**What you have to do:**
When the line with "分别选择国内两种知名品牌卫生" turns up below, begin repeating exactly, and carry on through the line with "- La banda se"; no pictures go into the copy.

**Information provided:**
+ + + +

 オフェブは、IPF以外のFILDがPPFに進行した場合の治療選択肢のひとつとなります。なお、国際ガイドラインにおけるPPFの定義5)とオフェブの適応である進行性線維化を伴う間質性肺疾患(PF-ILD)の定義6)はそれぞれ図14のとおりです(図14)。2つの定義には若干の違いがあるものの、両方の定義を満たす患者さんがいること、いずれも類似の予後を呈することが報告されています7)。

+ + + +

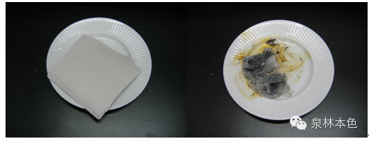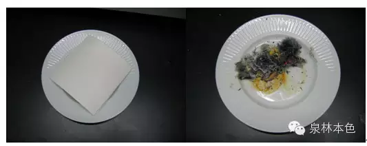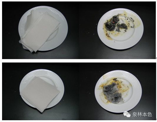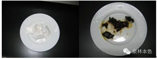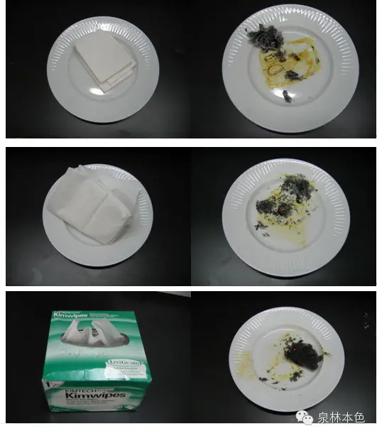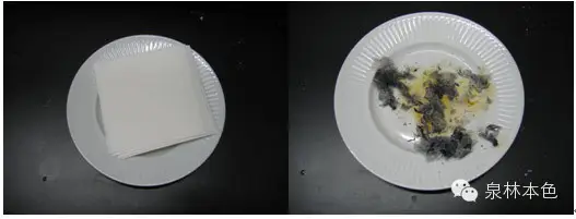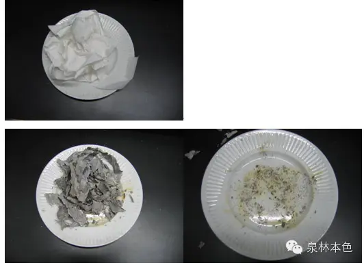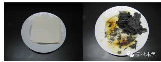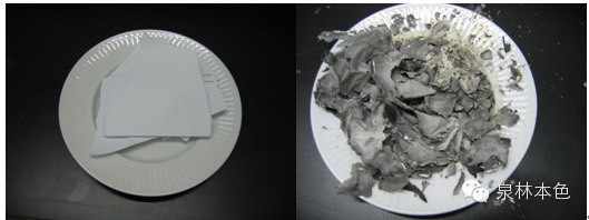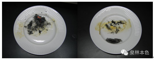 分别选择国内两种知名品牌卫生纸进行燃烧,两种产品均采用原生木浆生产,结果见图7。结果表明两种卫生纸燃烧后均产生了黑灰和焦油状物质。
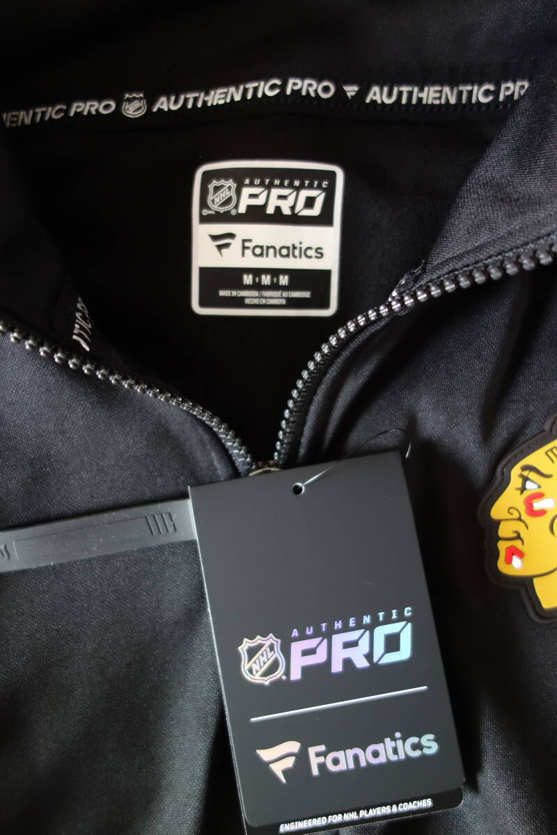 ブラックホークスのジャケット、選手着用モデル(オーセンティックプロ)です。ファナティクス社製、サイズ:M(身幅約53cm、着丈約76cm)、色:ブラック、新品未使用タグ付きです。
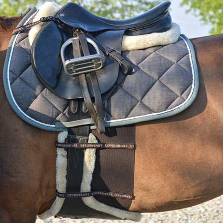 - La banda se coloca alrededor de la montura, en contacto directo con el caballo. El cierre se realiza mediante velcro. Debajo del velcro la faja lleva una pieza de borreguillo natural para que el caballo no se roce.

+ + + +

**Exercise answer:**
 分别选择国内两种知名品牌卫生纸进行燃烧,两种产品均采用原生木浆生产,结果见图7。结果表明两种卫生纸燃烧后均产生了黑灰和焦油状物质。
 ブラックホークスのジャケット、選手着用モデル(オーセンティックプロ)です。ファナティクス社製、サイズ:M(身幅約53cm、着丈約76cm)、色:ブラック、新品未使用タグ付きです。
 - La banda se coloca alrededor de la montura, en contacto directo con el caballo. El cierre se realiza mediante velcro. Debajo del velcro la faja lleva una pieza de borreguillo natural para que el caballo no se roce.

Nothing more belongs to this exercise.